▶ Work order
Could you transcribe all of the data exactly and skip any pictures?
Recorded information Block Start
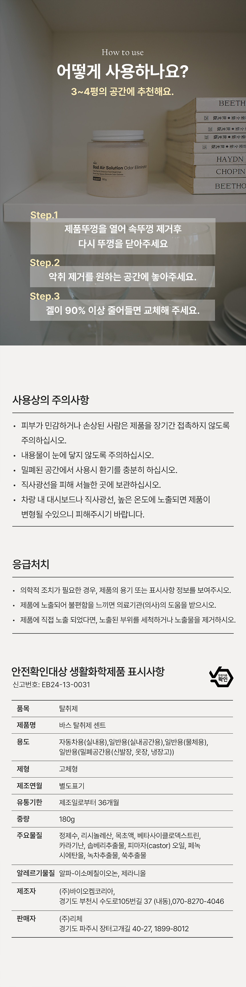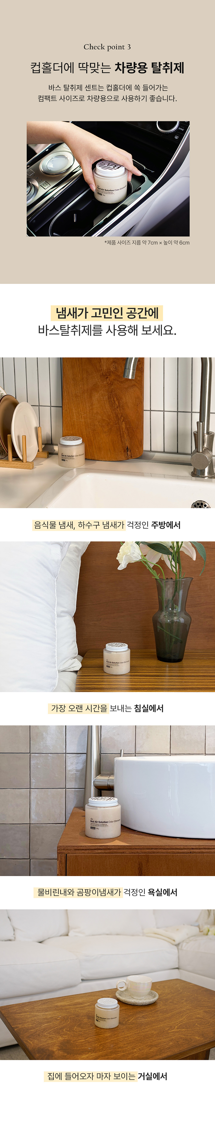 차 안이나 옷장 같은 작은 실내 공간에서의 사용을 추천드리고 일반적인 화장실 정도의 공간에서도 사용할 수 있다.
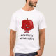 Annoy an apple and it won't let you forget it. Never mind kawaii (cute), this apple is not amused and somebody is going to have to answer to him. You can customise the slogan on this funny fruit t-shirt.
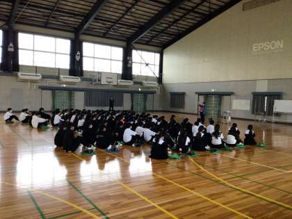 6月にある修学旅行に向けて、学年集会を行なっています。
Recorded information Block End
▶ Answer space
 차 안이나 옷장 같은 작은 실내 공간에서의 사용을 추천드리고 일반적인 화장실 정도의 공간에서도 사용할 수 있다.
 Annoy an apple and it won't let you forget it. Never mind kawaii (cute), this apple is not amused and somebody is going to have to answer to him. You can customise the slogan on this funny fruit t-shirt.
 6月にある修学旅行に向けて、学年集会を行なっています。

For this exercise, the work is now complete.